Top of STORED DATA

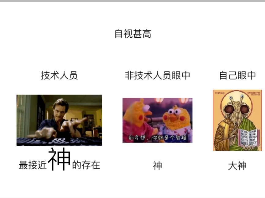 这是我们工具的主要用户。当分析技术人员时,会发现他们都自视甚高,尤其是研发人员,在自己眼中什么都能做,比如项目管理时,研发人员的预估永远是乐观的:没问题,都可以完成。
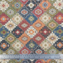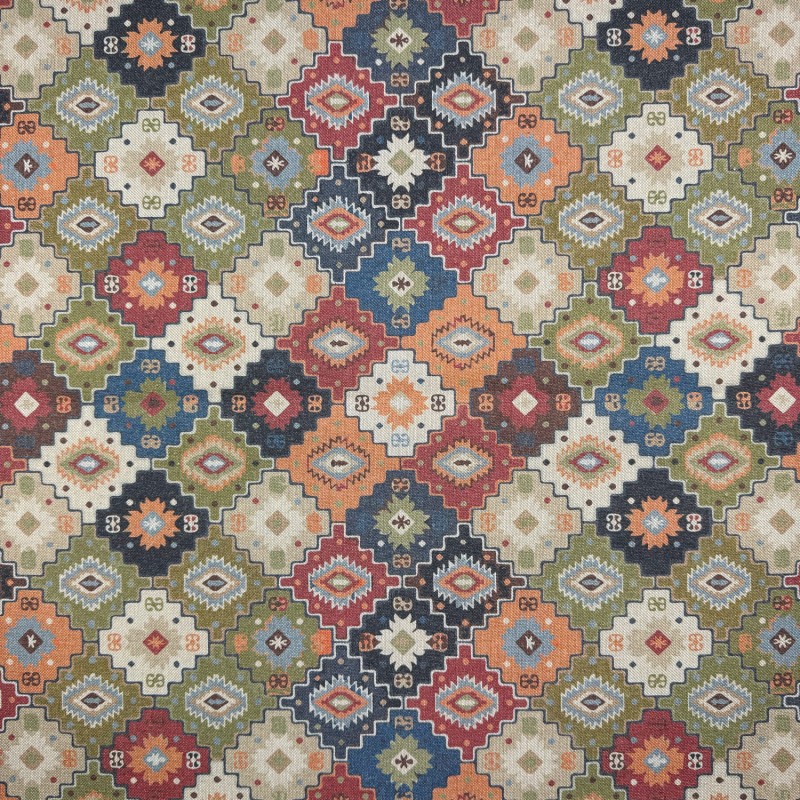 Make a bold statement with this Antalya Geometric Cotton Rich Linen Look Fabric from the Digital Crafty Linens collection. Featuring a striking multi-coloured geometric design inspired by traditional patterns, this fabric blends rich tones and intricate shapes to create a lively and eye-catching look.
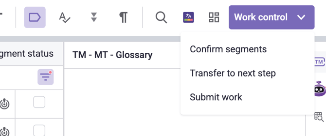 - Submit work: Completes current TMS workflow step. All segments must be confirmed before submitting. Once submitted, the segments become read-only.
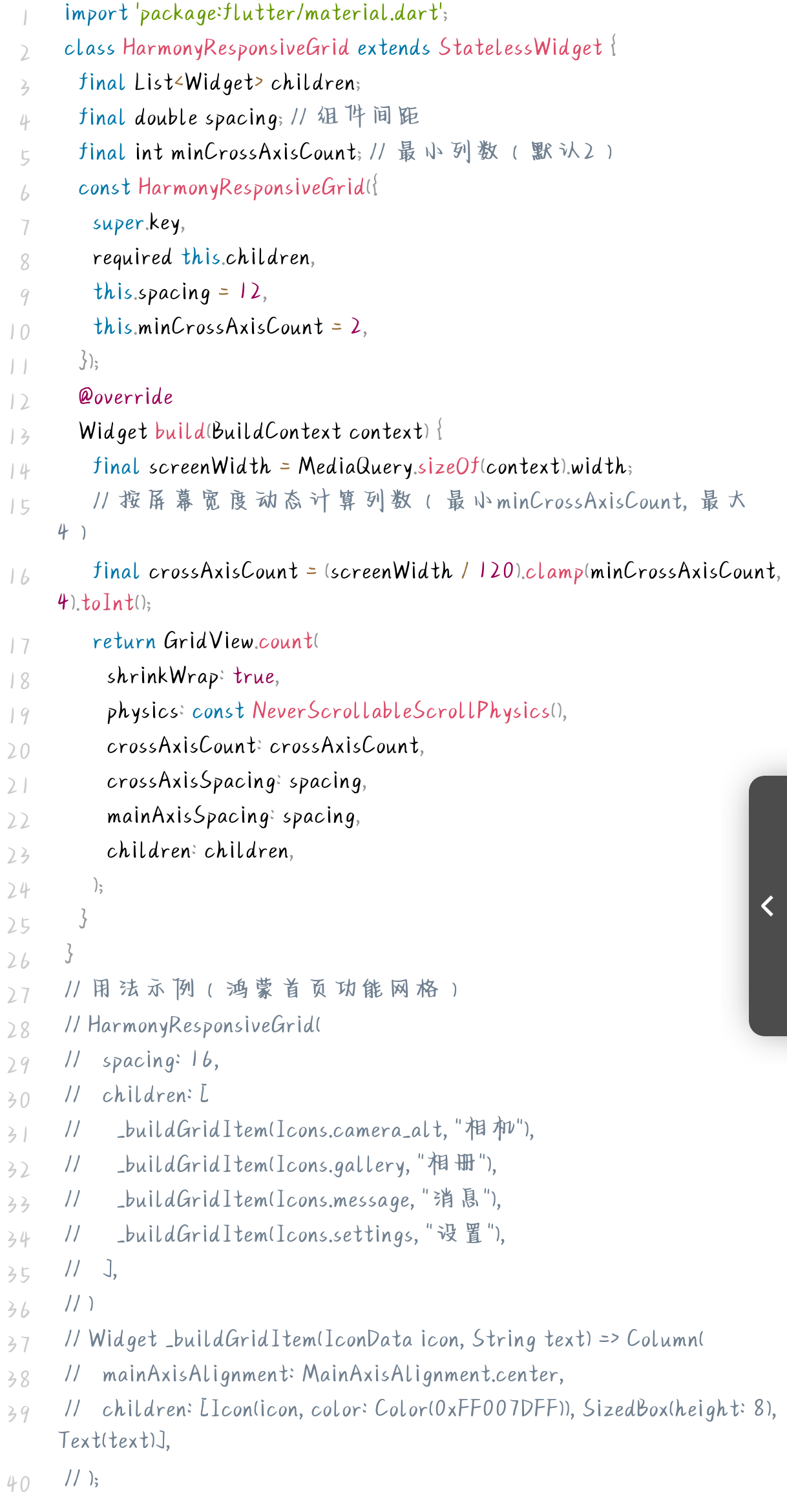 - 支持最小列数自定义:通过 minCrossAxisCount 参数适配特殊场景(如智能手表端最小列数设为1);
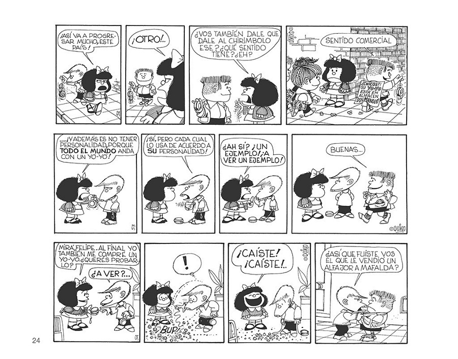 Como dijo el Premio Nobel Gabriel García Márquez, Quino nos demostró con cada uno de sus libros “que los niños son los depositarios de la sabiduría. Lo malo para el mundo es que a medida que crecen van perdiendo el uso de la razón, se les olvida en la escuela lo que sabían al nacer, se casan sin amor, trabajan por dinero, se cepillan los dientes, se cortan las uñas, y al final, convertidos en adultos miserables, no se ahogan en un vaso de agua sino en un plato de sopa. Comprobar esto en cada libro de Quino es lo que más se parece a la felicidad: la quinoterapia”.
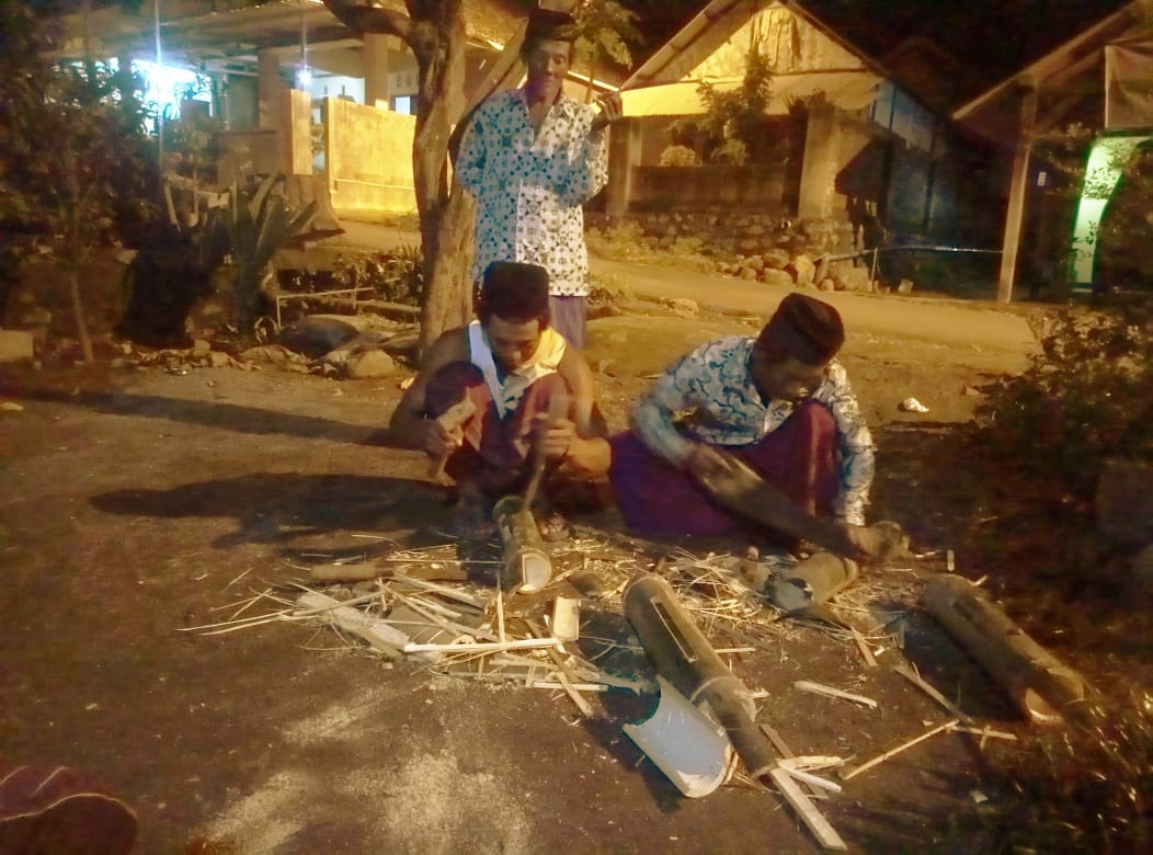 Jatirejo, NU Online Mojokerto – Pengurus Masjid Nurul Iman dan anggota Barisan Ansor Serbaguna (Banser) Anak Ranting Lebak Geneng membuat alat patrol tradisional dari bambu yaitu kentongan, alat tradisional ini sudah jarang digunakan karena anak muda milenial sekarang banyak yang menggunakan sound yang dibawa dengan mobil saat akan membangunkan sahur.
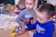 Кечкенәләр төркеме балалары кисеп ябыштыру шөгылендә әтиләренә бүләк ясадылар.
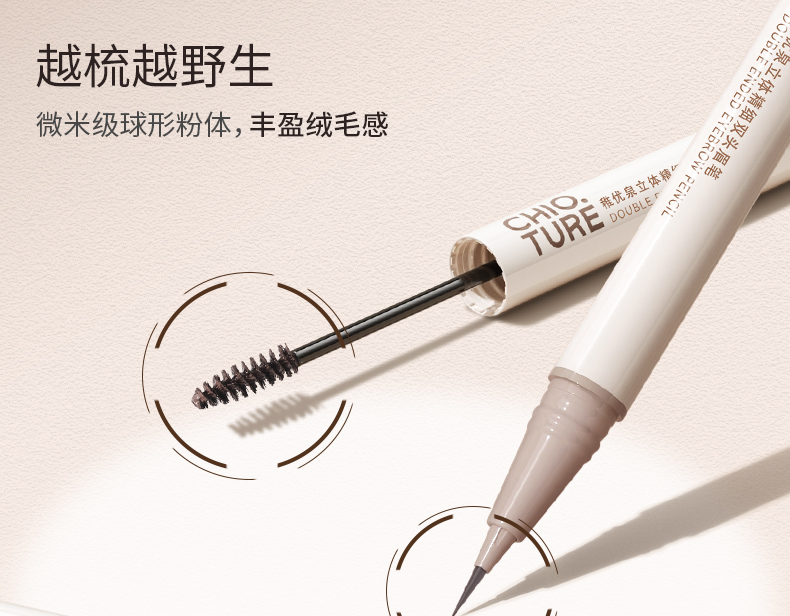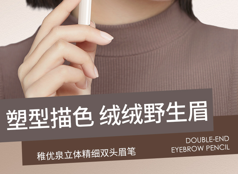 稚优泉双头水眉笔染眉膏防水防汗持久不易脱色极细眉笔自然野生眉
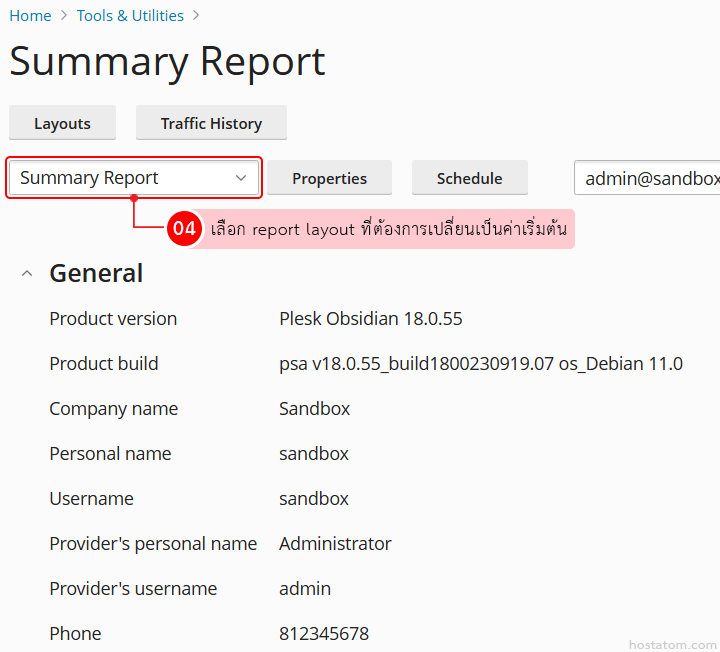 สำหรับผู้ที่ใช้งาน control panel ของ Plesk ในระดับ reseller สามารถเลือกเปลี่ยน report layout อื่นเป็นค่าเริ่มต้นได้ตามขั้นตอนต่อไปนี้
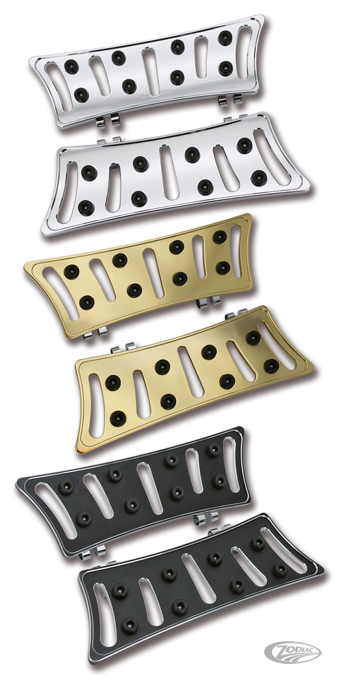 Diese Trittbretter aus Billet-Alu verleihen dem Bike eine richtige Custombike Optik. Sie sind besonders leicht zu montieren da sie spezielle Halter zur Befestigung an den originalen Trittbrettaufnahmen besitzen. Die energieabsorbierenden Zi-Cone Pads bieten exzellenten Fahrkomfort und sicheren Halt unter allen Umständen. Passende Bremspedale, Schaltrasten und Beifahrer Trittbretter sind ebenfalls erhältlich. Ersatzgummis sind im 16er Pack erhätlich.

Bottom of STORED DATA

• TRY IT:
All lines between the one that contains "สำหรับผู้ที่ใช้งาน control panel" and the end of the records above, both included, are to be returned exactly as they stand, except for pictures, which are omitted.

• ANSWER BOX:
 สำหรับผู้ที่ใช้งาน control panel ของ Plesk ในระดับ reseller สามารถเลือกเปลี่ยน report layout อื่นเป็นค่าเริ่มต้นได้ตามขั้นตอนต่อไปนี้
 Diese Trittbretter aus Billet-Alu verleihen dem Bike eine richtige Custombike Optik. Sie sind besonders leicht zu montieren da sie spezielle Halter zur Befestigung an den originalen Trittbrettaufnahmen besitzen. Die energieabsorbierenden Zi-Cone Pads bieten exzellenten Fahrkomfort und sicheren Halt unter allen Umständen. Passende Bremspedale, Schaltrasten und Beifahrer Trittbretter sind ebenfalls erhältlich. Ersatzgummis sind im 16er Pack erhätlich.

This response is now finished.